START Input records
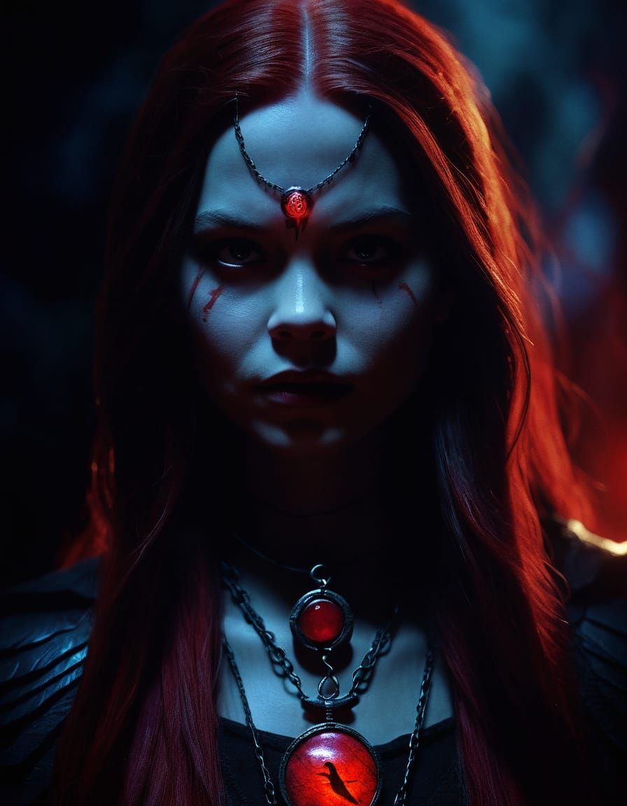 A medium shot of a superheroine with a red soulstone glowing on her forehead. The digital painting features a dark, mystical atmosphere and dynamic lighting. The character has an athletic physique.
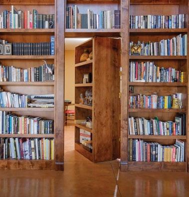 Approximately 40’ vaulted ceilings in the great room are complimented with rough-cut fir beams and metal rods with “tie downs” that hold it all together. Two matching dry-stacked fireplaces on each end of the great room give a warm feeling to the area. The south side of this room is comprised of five folding glass doors which reveal incredible mountain views. This gorgeous sight remains unobstructed from the front of the home all the way through to the back. An 11-foot-tall bookshelf with a rolling ladder runs along the opposite end of the living area with a 2-foot thick hidden door that enters the office.
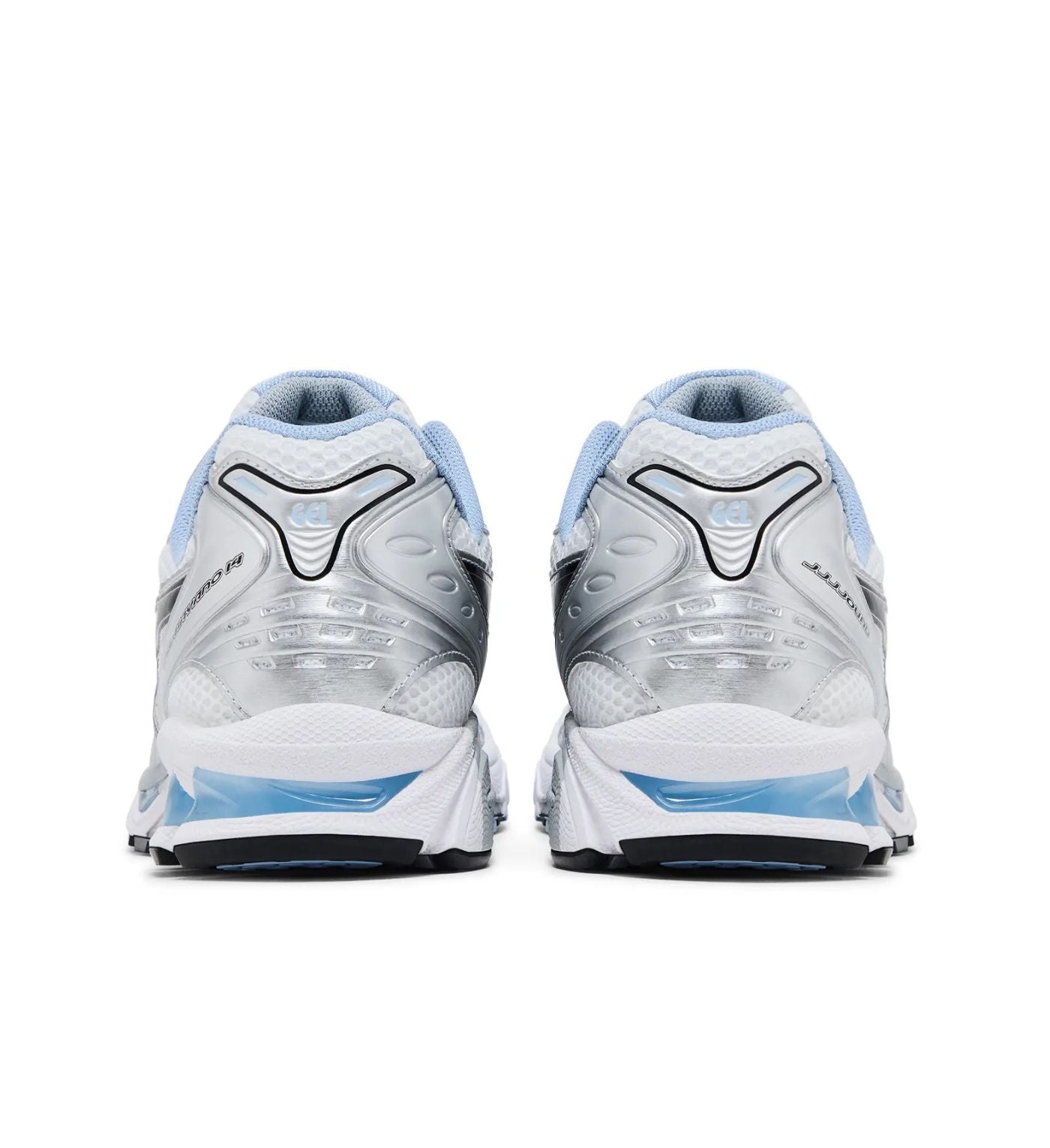 The JJJound x ASICS Gel Kayano 14 'White Baby Blue' features an airy white mesh upper with synthetic overlays in metallic silver. Black tiger stripes sweep across the side panel, while JJJJound branding adorns the lateral heel of the right shoe. Pastel blue accents appear on the collar lining, as well as the Gel inserts that augment the lightweight EVA midsole.
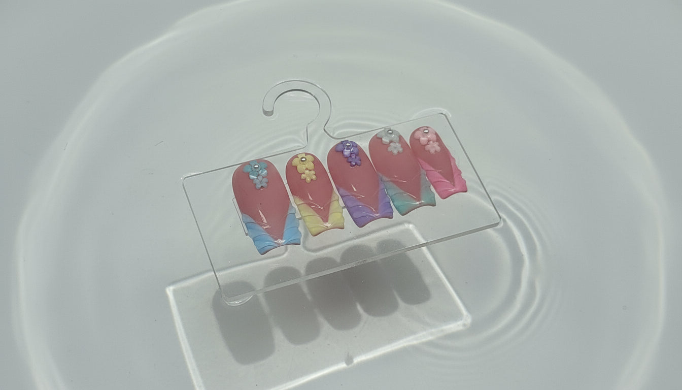 Aloha Spring – Fresh and cheerful, this set features pastel tips with dainty floral accents. Perfect for capturing the carefree joy of springtime blooms and sunny days.
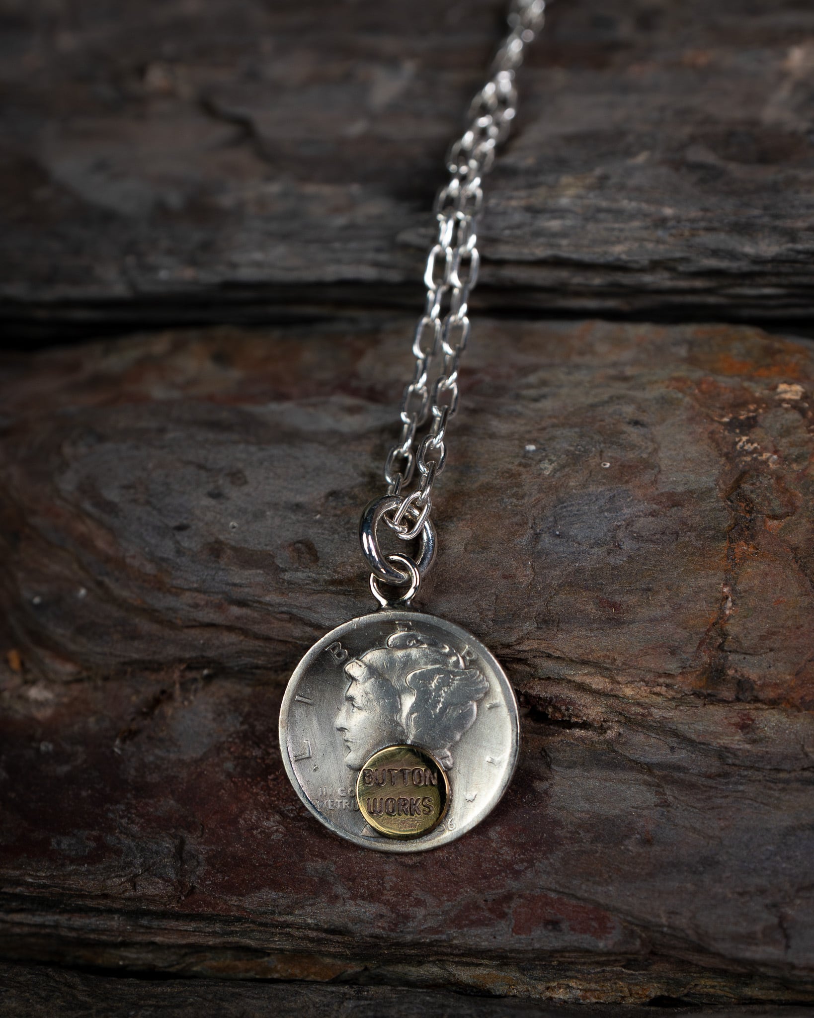 マーキュリーダイム銀貨は、アメリカの硬貨の中で最も美しいデザインといわれています。コインは燻し、磨き、BWオリジナルの真鍮プレート"Button Works"ロゴをロウ付けしています。
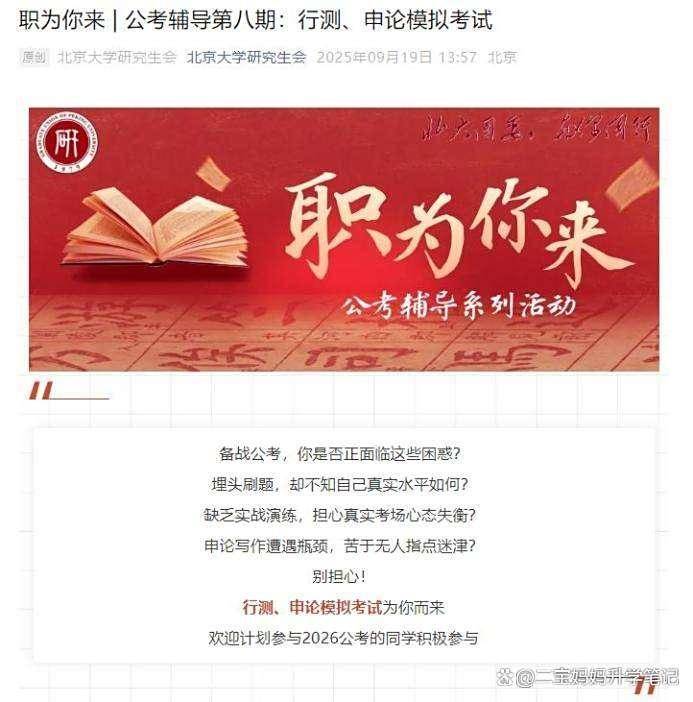 北京大学已将其打造成系统化的“公考辅导系列”就业品牌活动。仅2024年9月至11月,北大就开展了6次线下行测及申论模拟考试,系列活动累计吸引来自全校各专业800余人参与。
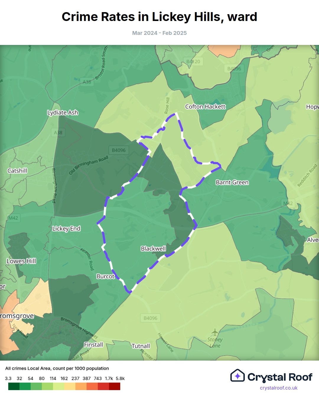Lickey Hills, (ward) includes areas with the following crime ratings (see map):
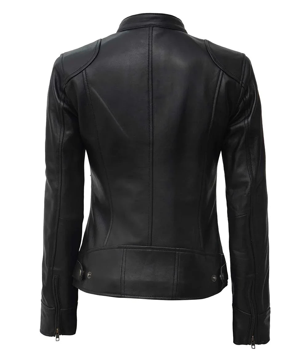 Dodge Women's Tall Black Leather Biker Style Jacket
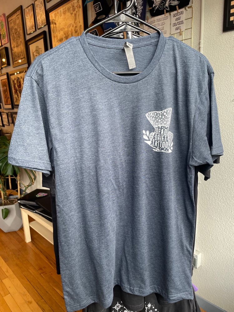 White ink printed on our classic super-soft navy heather Next Level shirts, which are a 60% cotton/40% polyester blend. Front features a trout tail and the words Dead Drift Tattoo, and the back is a large image of a tattooed trout and the words Tight Lines. Designed by AJ McGuire
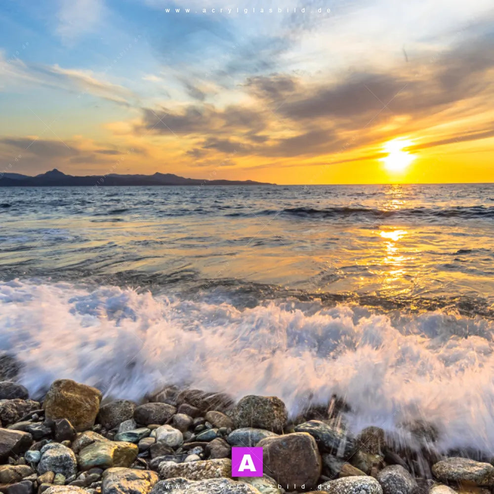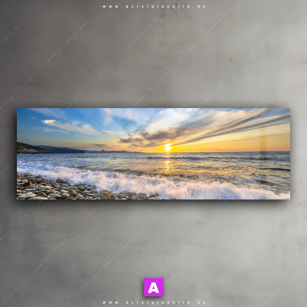 Fehlt dir die Inspiration beim Anblick deiner Wände, sodass selbst das Zählen der Wandfarbtropfen aufregender erscheint? Keine Sorge, wir haben das perfekte Kunstwerk für dich! Mit unserem Acrylglasbild Wellen des Meeres im Panorama-Format verleihst du deinem Raum den dringend benötigten Wow-Faktor. Lass deine Wände mit unserem Kiesstrand im Sonnenuntergang Acrylglasbild zum Star werden!
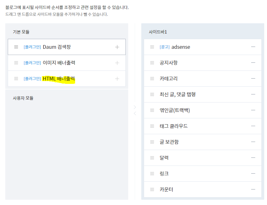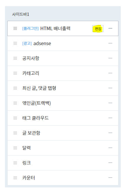 우측은 현재 사이드바에 사용하고 있는 목록들입니다. HTML 배너 출력을 추가해줍니다.
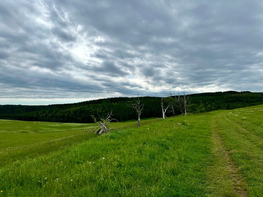 Tenhle úsek jsem si opravdu neužila a bála se kdy mě někdo srazí. Od rozcestí Výsluňská cesta však nastává asfaltové peklo, bez hůlek bych to tu neprošla, bolí mě ťapky a jdu to jen hlavou. Nakonci lesa mě čeká lehké stoupání (naštěstí bez asfaltu), a smluvené setkání s manželem.. Nadšeně ho vyhlížím, přivítáme se společně dojdeme k autu v Hoře Svatého Šebestiána. Jedu na čtyři dny domů, ale o tom možná později.
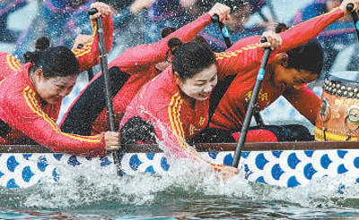 重慶隊在女子22人龍舟200米直道比賽中。 |
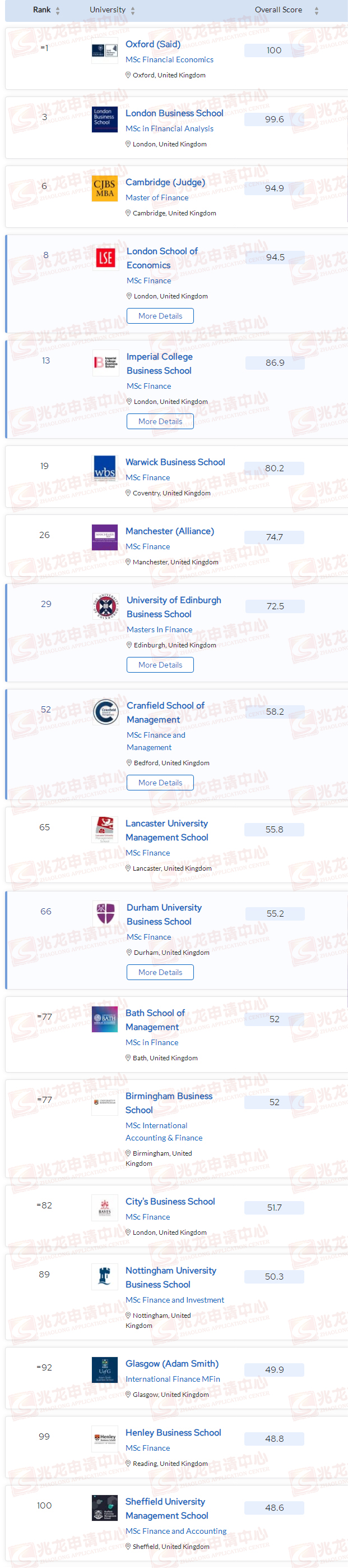 排名前百中,英国一共有31所学校上榜,其中排名前30的依次为:伦敦商学院(3)、帝国理工商学院(14)、伦敦政治经济学院(17)、华威商学院(18)、曼彻斯特商学院(23)、克兰菲尔德商学院(28)。
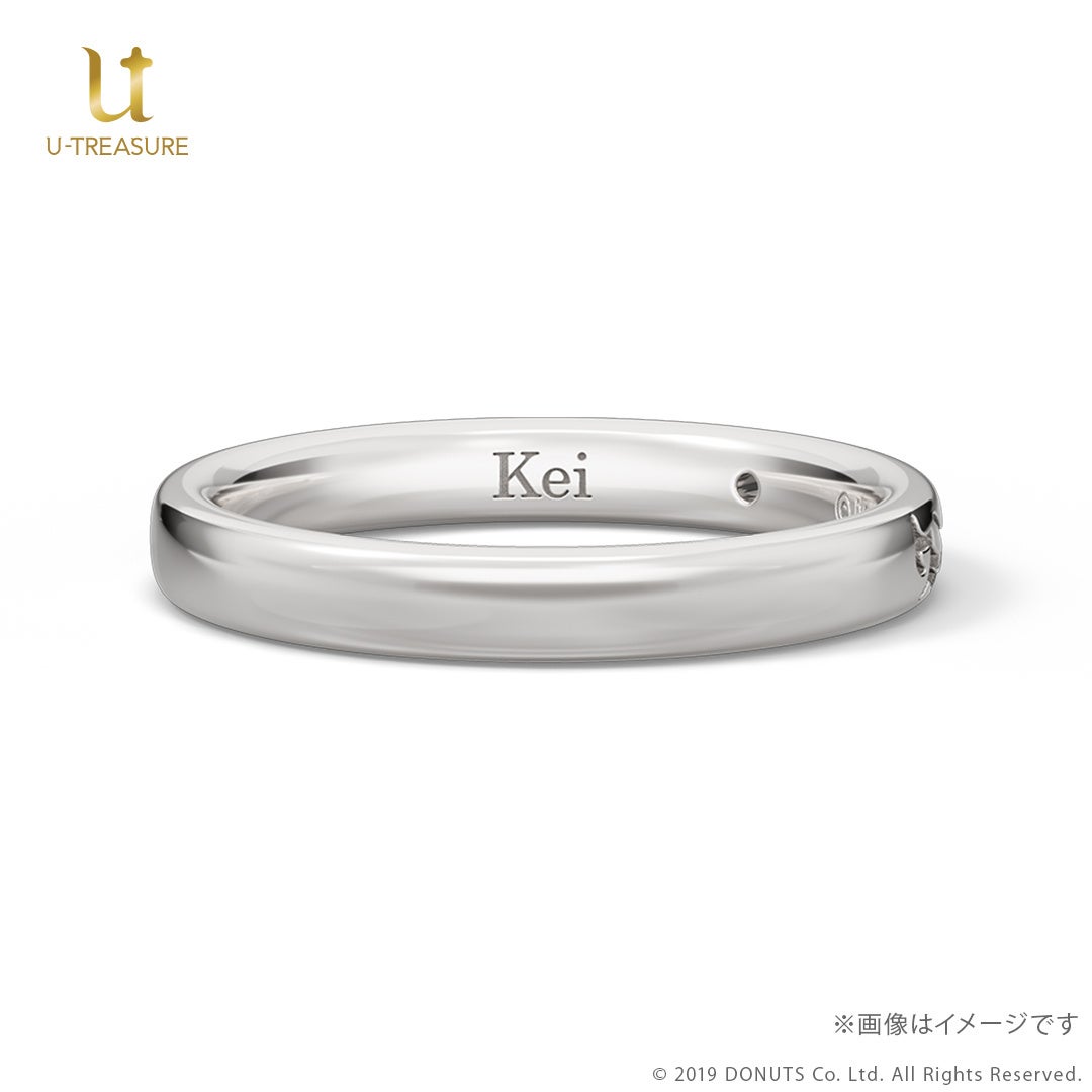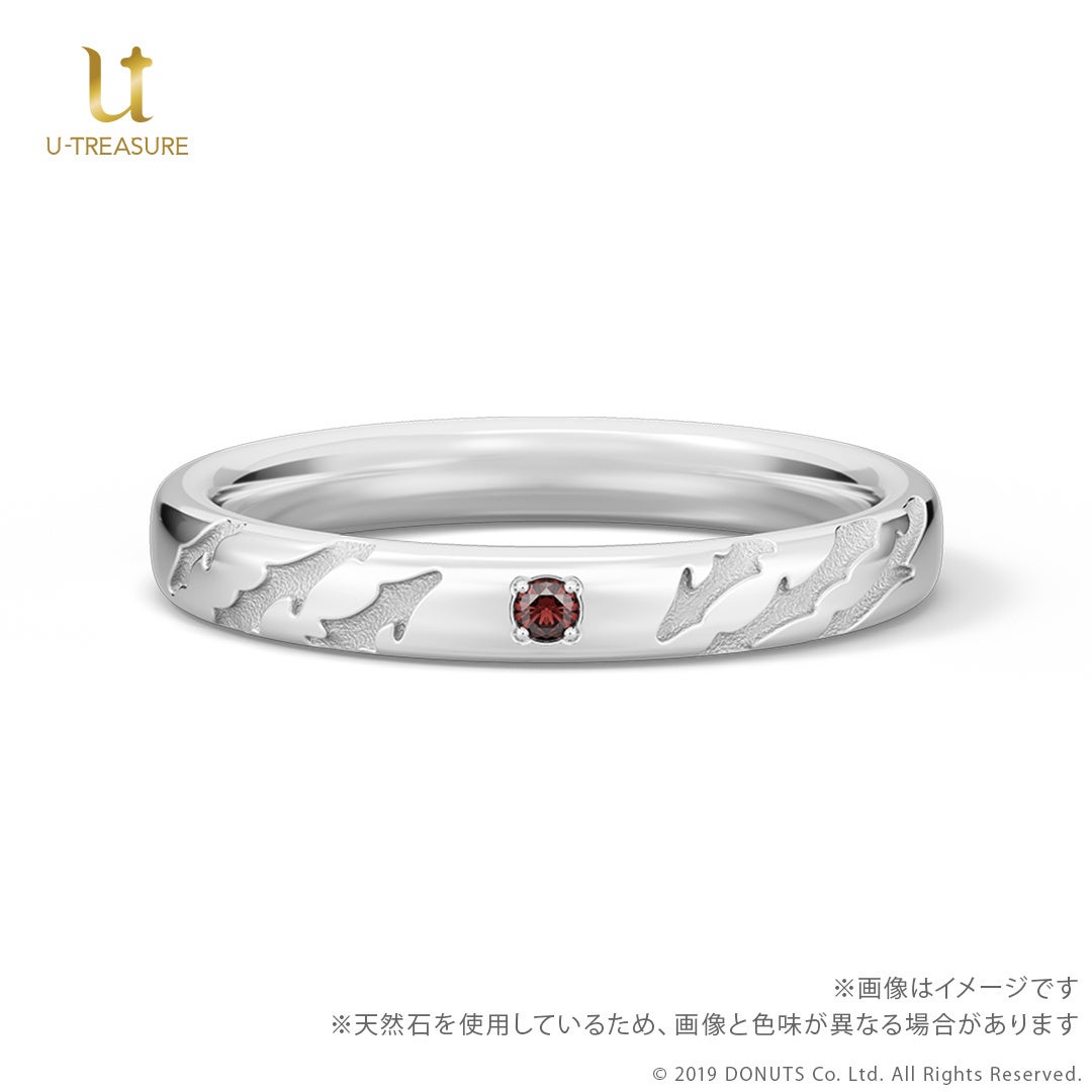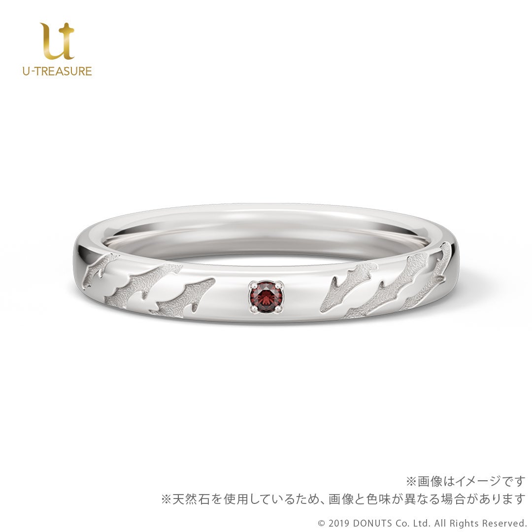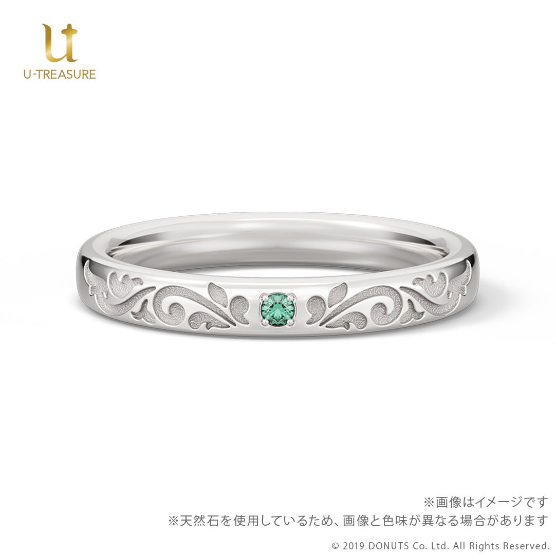 このたびの新作は、『ブラックスター -Theater Starless-』のキャストをモチーフにしたリング(指輪)です。中央にキャストをイメージした天然石を留め、内側には名前を刻印したデザインです。
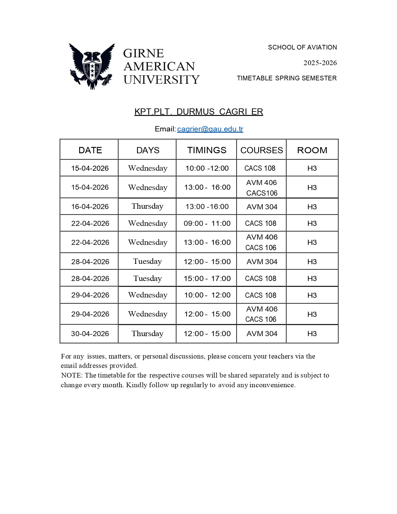 📢 DUYURU - Öğr. Gör. DURMUŞ ÇAĞRI ER NİSAN AYI DERS PROGRAMI (14/04/2026)
END Input records
Transcribe only the lines above that start at the line containing "北京大学已将其打造成系统化的" and end at the line containing "우측은 현재 사이드바에". Omit pictures.

 北京大学已将其打造成系统化的“公考辅导系列”就业品牌活动。仅2024年9月至11月,北大就开展了6次线下行测及申论模拟考试,系列活动累计吸引来自全校各专业800余人参与。
Lickey Hills, (ward) includes areas with the following crime ratings (see map):
 Dodge Women's Tall Black Leather Biker Style Jacket
 White ink printed on our classic super-soft navy heather Next Level shirts, which are a 60% cotton/40% polyester blend. Front features a trout tail and the words Dead Drift Tattoo, and the back is a large image of a tattooed trout and the words Tight Lines. Designed by AJ McGuire
 Fehlt dir die Inspiration beim Anblick deiner Wände, sodass selbst das Zählen der Wandfarbtropfen aufregender erscheint? Keine Sorge, wir haben das perfekte Kunstwerk für dich! Mit unserem Acrylglasbild Wellen des Meeres im Panorama-Format verleihst du deinem Raum den dringend benötigten Wow-Faktor. Lass deine Wände mit unserem Kiesstrand im Sonnenuntergang Acrylglasbild zum Star werden!
 우측은 현재 사이드바에 사용하고 있는 목록들입니다. HTML 배너 출력을 추가해줍니다.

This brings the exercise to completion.